The second purpose of this study was to assess exercise performance as an integrated measure of physiological fitness. Exercise performance has been suggested as a relevant laboratory assessment of Darwinian fitness (Arnold, 1986; Huey & Stevenson, 1979). Ware (1982) has argued that fish are selected for maximization of surplus available energy. Critical swimming speed is a possible way to assess available energy. In addition, locomotor performance has been shown to correlate with competitive advantage in fish (Castleberry & Cech, 1986). In this context, I tested whether fish in naturally acidic waters showed evidence of compensating to their environment by exhibiting enhanced swimming performance in soft, acidic water.

Perch from the naturally acidic Wharton Lake never had a higher critical swimming speed in acid water than did perch from the circumneutral Trout Lake. The only significant interpopulation difference in critical swimming speeds at low pH occurred in series III: swimming performance of gravid females from Wharton Lake was poorer in acid water. The relatively lower critical swimming speed of Wharton Lake perch in neutral water (Fig. 3) offers some evidence for adaptation of exercise performance. The mean decrease in swimming performance in these two series from neutral to acidic water was less for Wharton Lake perch (−1·47 cm s⁻¹ series I; −4·59 cm s⁻¹ series II) than for Trout Lake perch (−4·46 cm s⁻¹ series I; −7·19 cm s⁻¹ series II).

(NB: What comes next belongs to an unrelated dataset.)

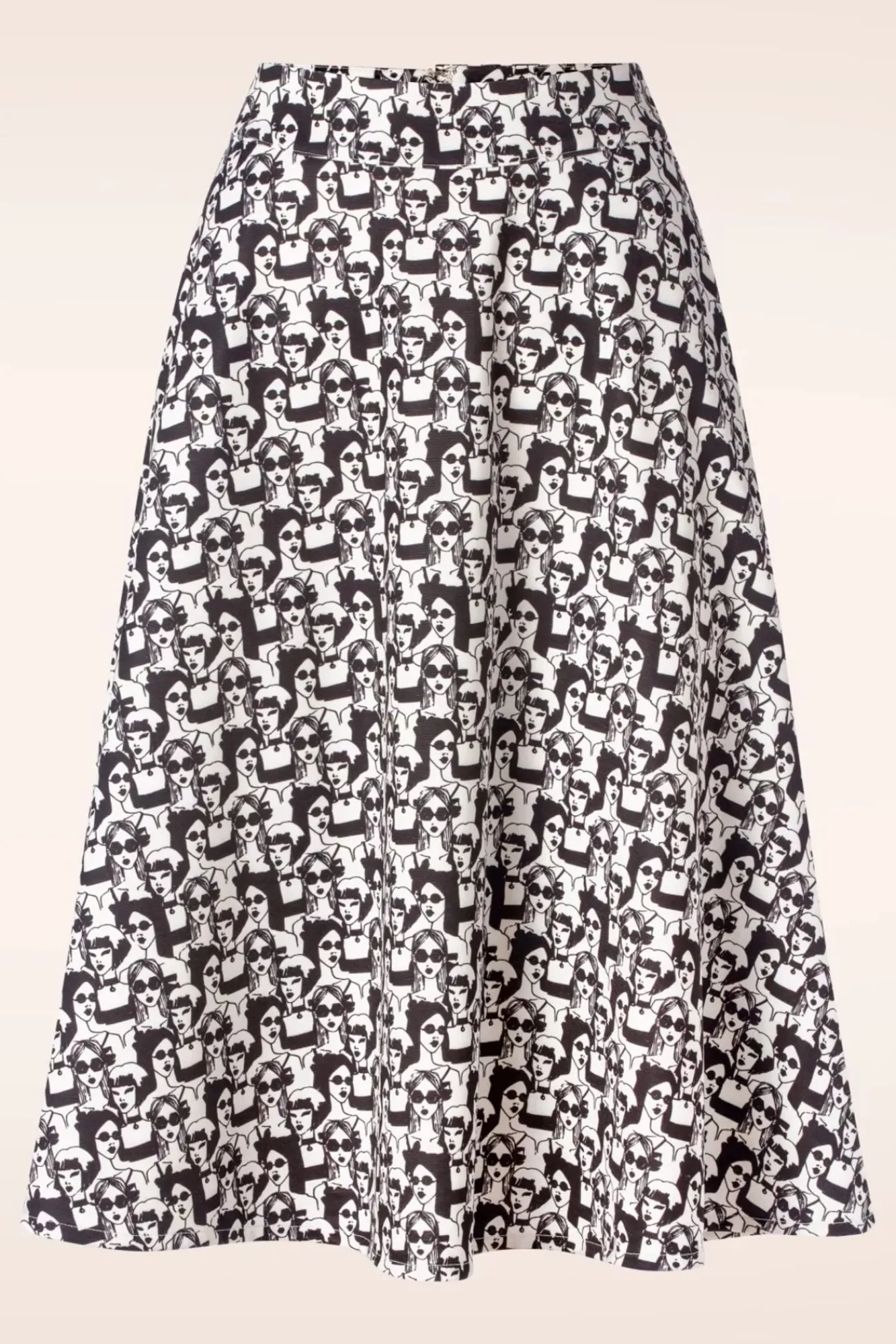 ”Life Is A Fashion Show And The World Is Your Runway!” Deze Stijlvolle Swing Rok Is Uitgevoerd In Een Ietwat Dikkere Maar Soepele, Stretchy Ivoorwitte Stof Die Heerlijk Draagt Met Een Opvallende Zwarte Print Van Fashion Girls Met Hun Typische ‘Je Ne Sais Quoi’ Attitude! ”This Is Your Moment, Own It!”

These results do not overwhelmingly support the use of locomotor performance to assess physiological compensation to natural acidity in fish. Using white muscle buffering capacity, Nelson & Magnuson (1987) suggested that burst locomotor capacity was also identical between populations. However, the increased tolerance of Wharton Lake perch to lethal acidity (Rahel, 1983), their increased blood oxy gen-carrying capacity (Nelson et al. 1988), various muscle metabolite and blood acid-base and ion differences (J. A. Nelson, unpublished results), and the weak evidence for resilience of swimming performance, all attest to some degree of acclimatization or adaptation in the Wharton Lake population.

In conclusion, the results show that acidic, but environmentally realistic, water reduces prolonged swimming performance of yellow perch. The impaired performance may have several causes. In individuals affected by acid water, substrate availability could determine fatigue time. Increased osmoregulatory and/or acid–base regulatory costs exhaust the limiting resource sooner, lowering U_crit. The effect of hard-water acclimation can be explained if the gill were to bind greater amounts of Ca²⁺ in hard water. Then the leaching of Ca²⁺ from the gills in acid water (Marshall, 1985; McWilliams, 1983) would be less important, and calcium could exert its ameliorating effect on ion flux rate and permeability upsets at low pH (McDonald, 1983; Wood & McDonald, 1982). In the perch minimally influenced by acid water, substrate is not limiting and fatigue is determined by other factors (such as intracellular acidosis or lactate accumulation) and is not affected by the increased costs of acid–base or ion regulation in acid water. The best alternative to this explanation is that those perch whose swimming performance is insensitive to soft, acid water are individuals with minimal changes in branchial permeability or ion transport kinetics in acid water.

A perch population isolated for 2000–3000 generations in a naturally acidic lake in northern Wisconsin did not have higher absolute swimming speeds in acid water, but their swimming performance was less affected by soft, acid water than conspecifics from a circumneutral lake.

I thank my field and laboratory assistants and the Center for Limnology support staff, both at Madison and the Trout Lake Biological Station, for invaluable assistance. I also thank Gregory Slater for excellent technical help. Dennis Hisey provided statistical advice. Theodore Garland, Jr, John Magnuson and the editorial staff of this Journal commented helpfully on the manuscript. Supported by University of Wisconsin Graduate School grant no. 170669 to John J. Magnuson and The Alexander von Humbolt Stiftung.